--- Entries shown ---
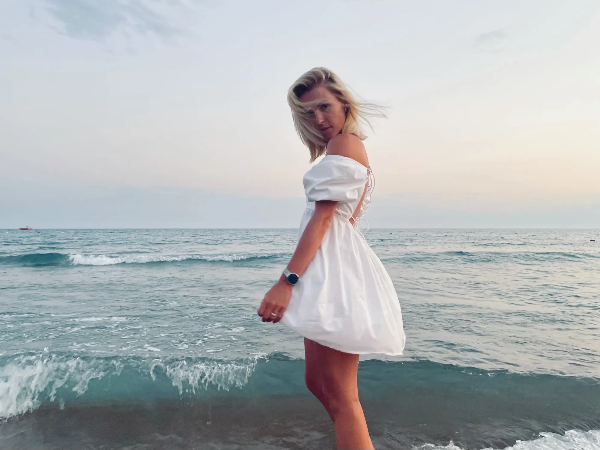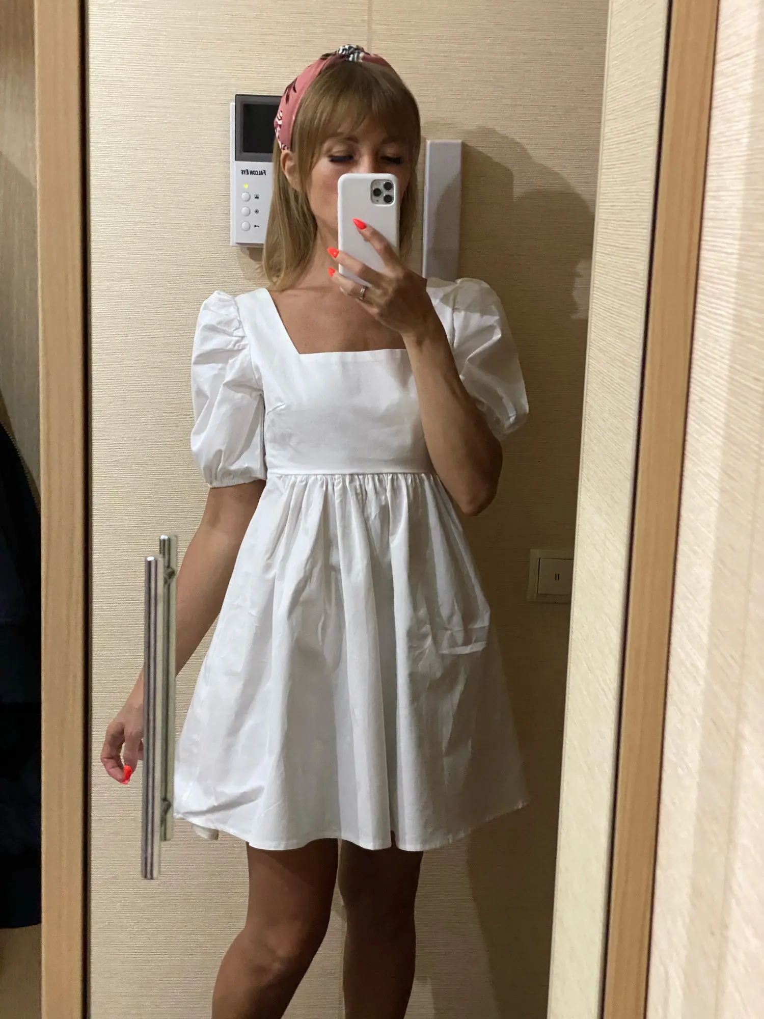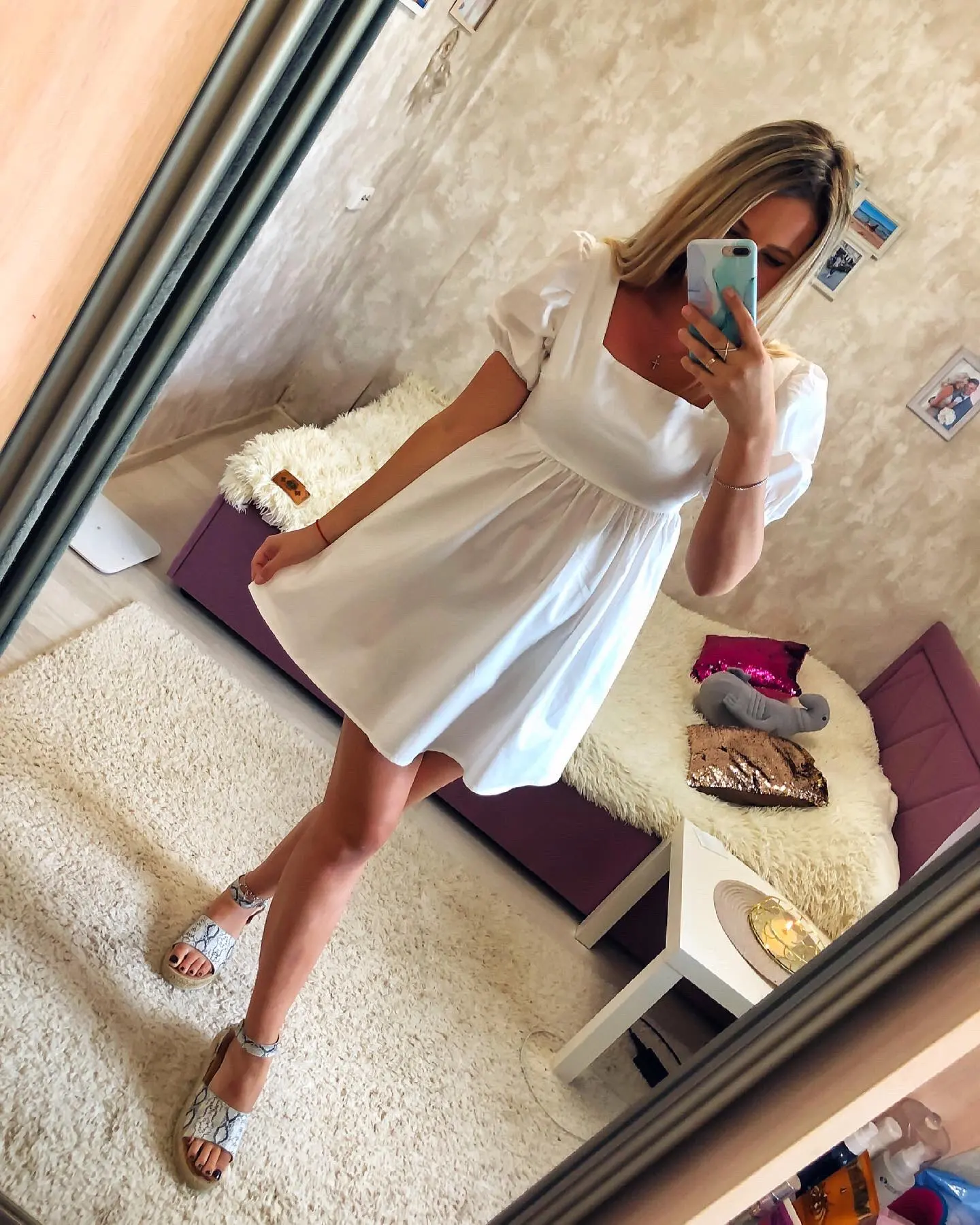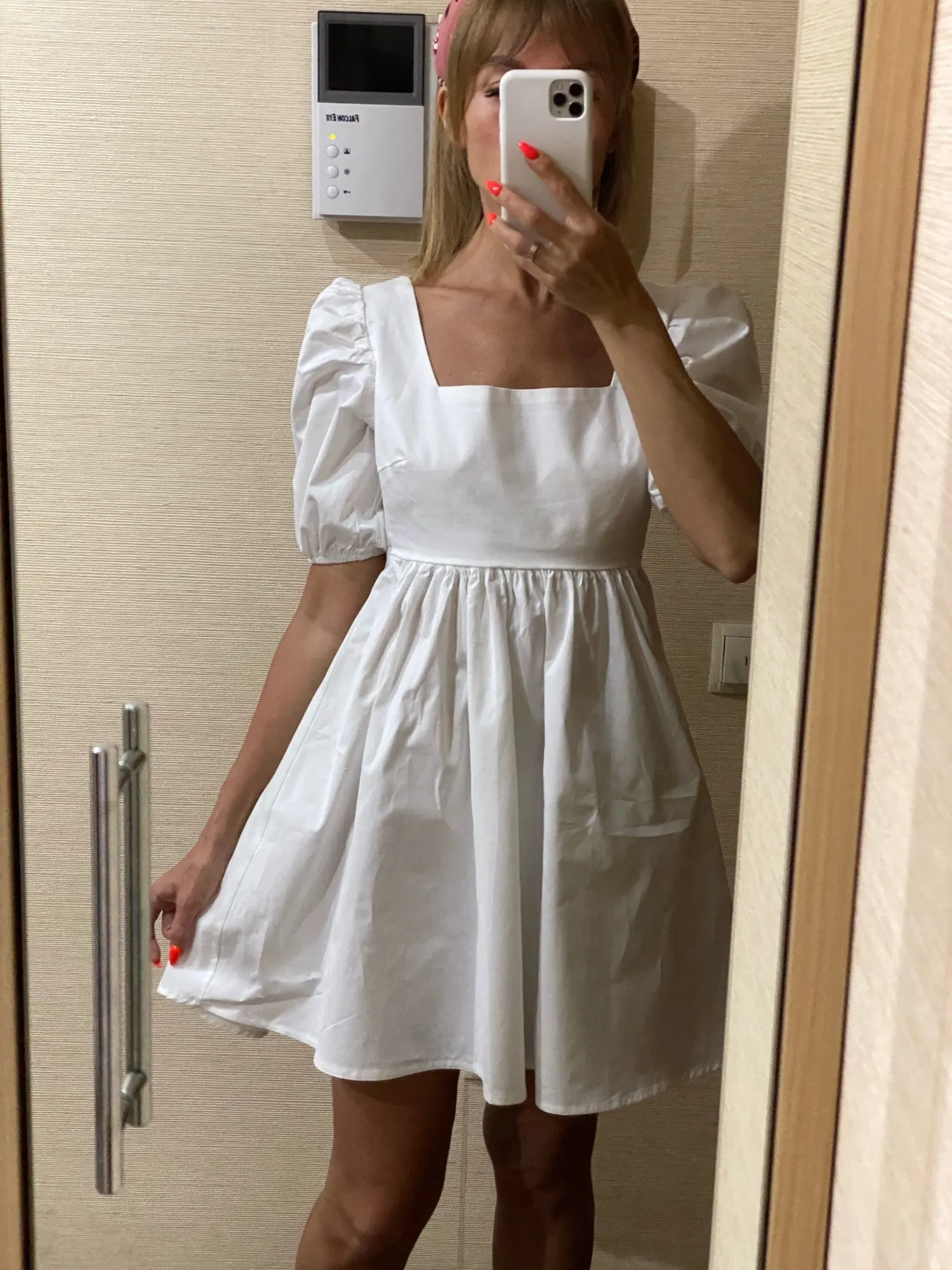 The dress came in 13 days to Ufa in Pyaterochka. The dress is excellent, dense fabric, keeps the shape, sewn neatly, the cons-it is badly ironed and quickly crumpled, narrow rubber bands on the sleeves, but I'm not but not very much, I will not interrupt. Strange thing, I was ready that the dress in the size of S will be great and will have to fit under me. I'm 158 cm, weight 45 kg, wear XXS; and the dress as if it's even not enough for me, short, and a little press in the chest. I'm very surprised, judging by the reviews, on other girls who are much higher and denser than I, the dress sits freer and longer. But I wrote to the store that he put me the smallest dress; I do not know if for me they really made a shorter or now the size s reduced in the factory). I'm in it as a beautiful white cloud, Princess, doll, no words, very beautiful dress)))
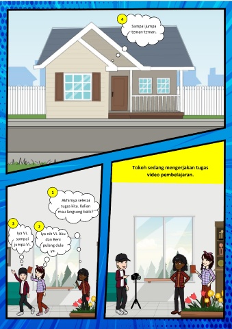 4 Sampai jumpa teman-teman. Tokoh sedang mengerjakan tugas video pembelajaran. 1 Akhirnya selesai tugas kita. Kalian mau langsung balik? 3 2 Iya Vi, Iya nih Vi. Aku sampai dan Beni jumpa Vi. pulang dulu ya.
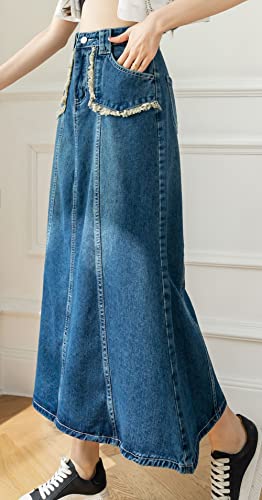CHARTOU Women's Retro High Waist Long Denim A Line Maxi Skirt with Pockets 6
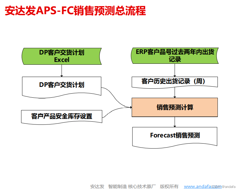 APS智能排产通过考虑过去2年客户历史出货记录(每周),考虑客户已经下达的周交货计划、考虑 客户+产品的安全库存量,综合计算出这个客户未来每周的销售预测需求。
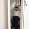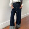 Women’s spring and autumn straight leg trousers with curled design jeans
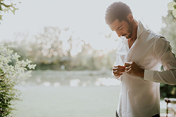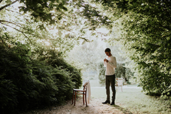 Et tandis qu’on commence à lui assembler sa coiffure, nous nous tournons vers le futur marié qui se prépare alors à l’abri des regards, dans un coin de nature. On lit alors dans son regard des sentiments entremêlés, c’est un moment intense, il sent en lui beaucoup d’émotion, ainsi que l’envie folle de voir sa belle arriver vers lui. Quelques boutons enfilés, le nœud papillon ajusté, et les bretelles remontées, il la retrouve alors.
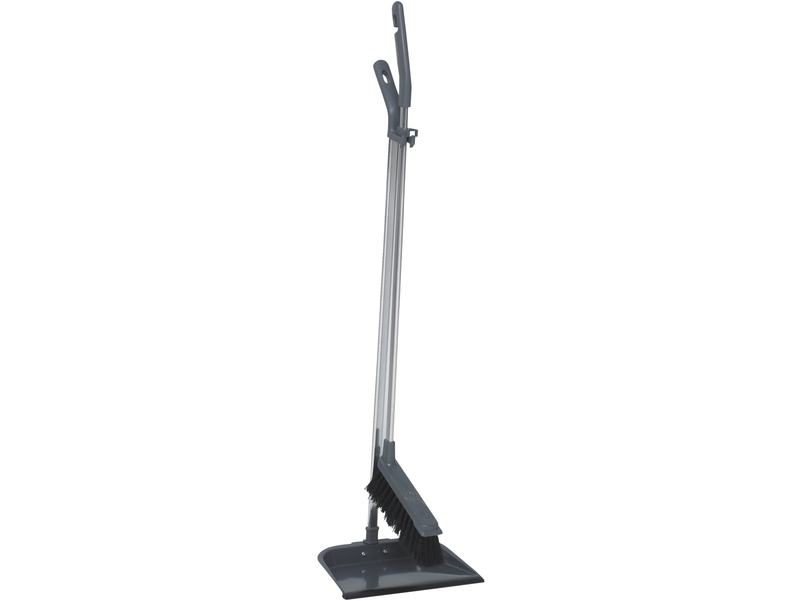 Langskaftet fejebakke i metal med gummilæbe. Fejesæt inkl. kost, til hurtigt og enkelt at fjerne snavs fra gulvet uden at skulle bøje sig.
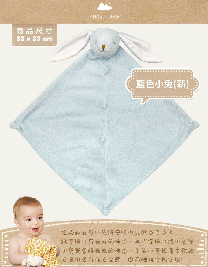 。安撫巾使用方式: 建議麻麻可以先將安撫巾放於自己身上, 讓安撫巾有麻麻的味道, 再將安撫巾給小寶寶, 小寶寶會認麻麻的味道, 手能抓著輕膚柔軟的安撫巾, 便會有種安全感, 因而睡得也較安穩。![]()
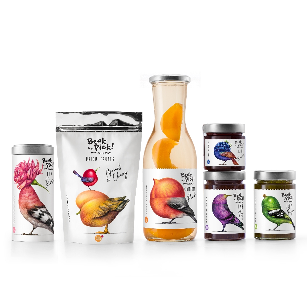 在西方,果醬是人們最喜愛(ài)的食物之一,但其高糖分卻使很多人的健康亮起了紅燈。為了傳達(dá)給消費(fèi)者少食多餐,減少消化負(fù)擔(dān)的健康飲食理念,設(shè)計(jì)團(tuán)隊(duì)創(chuàng)意性地將這款果醬與少量進(jìn)食的鳥(niǎo)類結(jié)合。
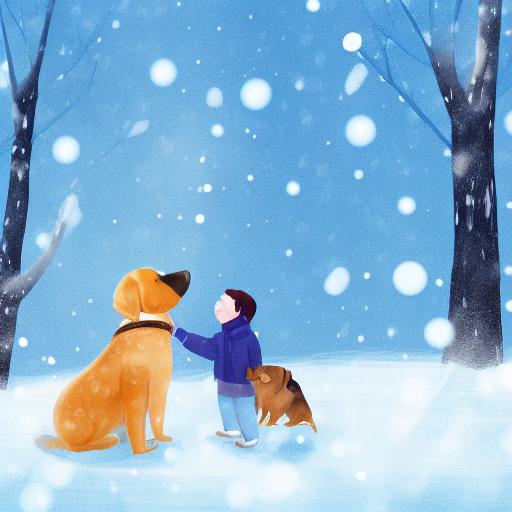 Little boy standing next to a dog in the snow
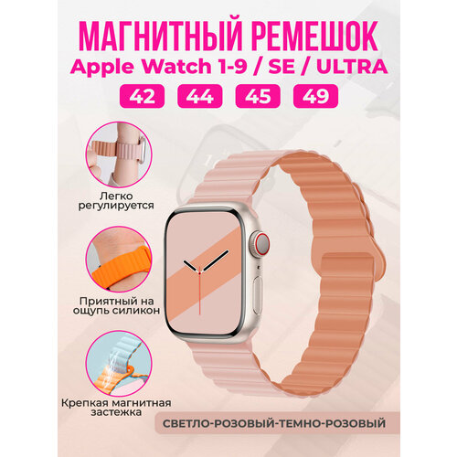 Магнитный силиконовый ремешок для Apple Watch 1-9 / SE / ULTRA (42/44/45/49 мм), светло-розовый-темно-розовый
---
• **Work required**
To answer, repeat exactly the lines from the line containing "在西方,果醬是人們最喜愛(à" through the last line of the data above, leaving out all pictures.

• **Your solution**
 在西方,果醬是人們最喜愛(ài)的食物之一,但其高糖分卻使很多人的健康亮起了紅燈。為了傳達(dá)給消費(fèi)者少食多餐,減少消化負(fù)擔(dān)的健康飲食理念,設(shè)計(jì)團(tuán)隊(duì)創(chuàng)意性地將這款果醬與少量進(jìn)食的鳥(niǎo)類結(jié)合。
 Little boy standing next to a dog in the snow
 Магнитный силиконовый ремешок для Apple Watch 1-9 / SE / ULTRA (42/44/45/49 мм), светло-розовый-темно-розовый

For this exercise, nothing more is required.